CORMORANT-FISHING.

Fishing has many votaries. Boats put off from Shinagawa for fishing in the Bay of Tokyo, especially in summer and autumn; the fish are caught either with nets or with rod and line. Anglers may be seen at all seasons on the banks of the little rivers and canals which traverse the city; but their catch is quite insignificant. The most interesting method of catching fish is, perhaps, cormorant-fishing in the Tamagawa, a river which runs a few miles west of Tokyo, where cormorants are, as in the River Nagara in Gifu Prefecture, which is celebrated for this form of fishing, employed to catch the plecoglossus altivelis, which abounds in the river. The bird has a tight ring around its crop, and when it has dived into the water and swallowed enough fish, the ring is pulled up and the bird is made to disgorge them. Another curious sight is the angling for the sillago. This fish is keen-sighted and very active, and takes fright and darts away as soon as it sees a boat rocking on the water. As, however, it is to be found in comparatively shallow water, a gigantic stool is set on a shoal, and the angler sits on it and patiently waits for the fish to take the bait.

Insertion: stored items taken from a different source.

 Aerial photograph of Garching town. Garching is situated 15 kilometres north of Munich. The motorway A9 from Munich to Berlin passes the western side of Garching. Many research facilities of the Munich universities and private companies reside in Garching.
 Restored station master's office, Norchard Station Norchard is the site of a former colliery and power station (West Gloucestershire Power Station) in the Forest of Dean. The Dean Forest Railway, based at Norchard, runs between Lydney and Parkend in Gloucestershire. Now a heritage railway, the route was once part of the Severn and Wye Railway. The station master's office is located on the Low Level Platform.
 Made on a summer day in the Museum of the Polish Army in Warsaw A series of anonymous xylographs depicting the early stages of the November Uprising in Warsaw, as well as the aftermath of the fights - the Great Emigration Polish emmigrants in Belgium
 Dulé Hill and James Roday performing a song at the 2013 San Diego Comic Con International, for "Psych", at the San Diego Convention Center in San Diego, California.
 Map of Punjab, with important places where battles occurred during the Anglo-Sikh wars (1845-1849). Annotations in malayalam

A boat remains not far off for emergencies, as when the angler, in his eagerness, loses his balance and goes bodily after the sillago. On a calm day, several of these stools are to be seen off the beach at Shinagawa.

ANGLING-STOOLS.

Of the outdoor games which have been introduced in recent years from abroad, the oldest is, perhaps, lawn-tennis, which is still extensively played, although it must now yield in popularity to baseball. A Japanese baseball team crossed the ocean some time ago to play on the Pacific Coast of the United States, though not with very brilliant results, while similar teams have come from Hawaii and the Pacific States to challenge the Japanese college teams. Boat-racing is also very popular; and races are held annually on the River Sumida by the Imperial University of Tokyo and other educational institutions in April when the cherry trees are in bloom on the river-bank. Football is played to some extent, and hockey has been tried with little success, while cricket is seldom played.

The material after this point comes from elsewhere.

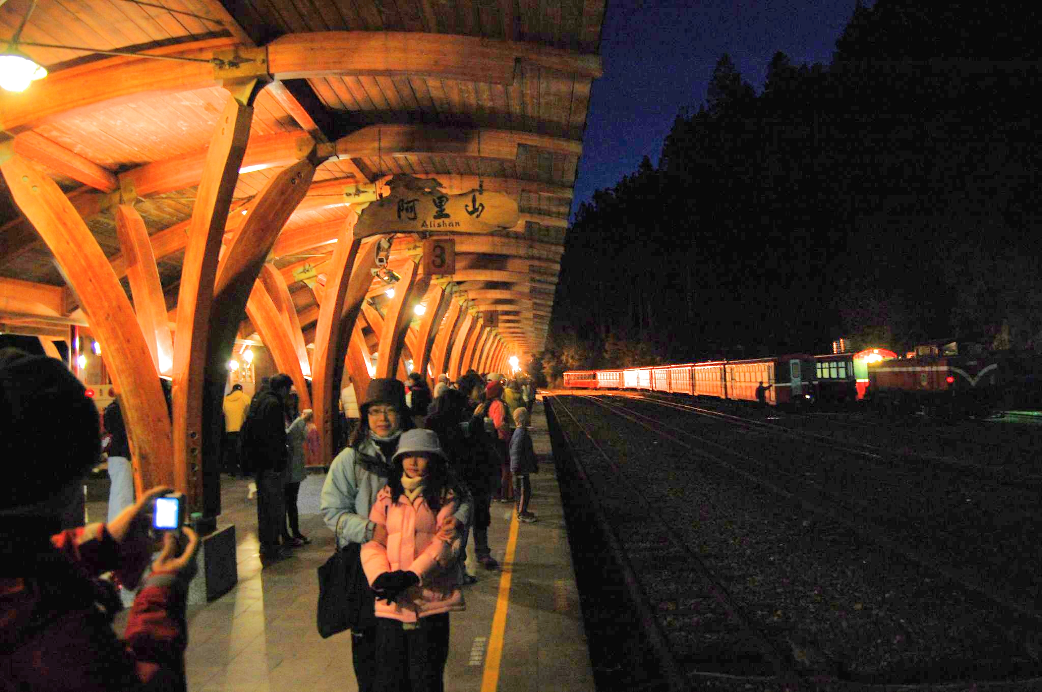 Gaidām vilcienu Alishan Forest Railway Alishan Station 阿里山森林鐵路阿里山車站
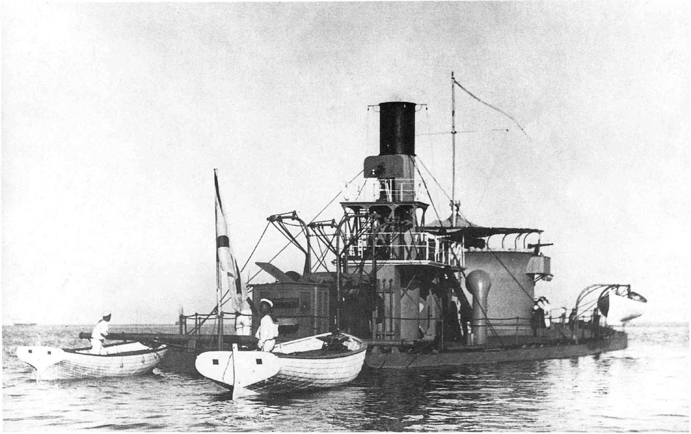 Imperial Russian turret armour-clad boat Tifon.

Of the European indoor games, the one which has found most favour in Japan is undoubtedly billiards, at which many Japanese have attained considerable skill. Ping-pong enjoyed a temporary vogue, but has now become as obsolete as diabolo, the craze for which reached Japan not long after it arose in Europe.

SUGOROKU.

We may now pass on to the principal games which are played in Japan. Sugoroku is a game played on a board by two persons. It is similar to backgammon, with the difference that the grand object of sugoroku is to get all one’s men into the enemy’s territory. There are twelve men on each side and twenty-four points to move to, and two dice are thrown alternately as in backgammon. It is a very ancient game which is hardly ever played nowadays; and what is now known as sugoroku was originally called the dochu sugoroku or travelling sugoroku. The earliest of its kind is a large sheet on which the views of the fifty-three postal stations on the highway from Yedo to Kyoto are given in order in as many squares. The starting-point is Yedo in one corner of the sheet, from which the squares are ranged along the edges until one of them touches the Yedo square, and then they are continued along the inner edges of the first squares, and still another set is formed along the edges of these second squares, until Kyoto is reached in the centre of the sheet. Each player has a slip of paper with his name or mark inscribed on it; it is put with the others in the Yedo square. He throws a die in turn and moves forward according to the number turned up; and the one who reaches Kyoto first is the winner. As there are fifty-three squares, the minimum number of throws of the die is nine; but the game may become complicated if, as is usually the case, the die must in the last throw turn up the exact number required for reaching the goal. Thus, if five is turned up when only two is needed to reach Kyoto, the player is made to go back three squares from the goal and await his turn for the next throw. Again, when a player comes to a certain square, he may be made to forfeit a turn or go back a number of squares. When these rules are introduced, the game is very much prolonged. Hence, later forms of sugoroku have a smaller number of squares; indeed, if, further, the place to move to is named in every square for every number turned up, a very few squares will suffice; and some sugoroku have no more than a dozen squares and yet an exciting game may be played on them.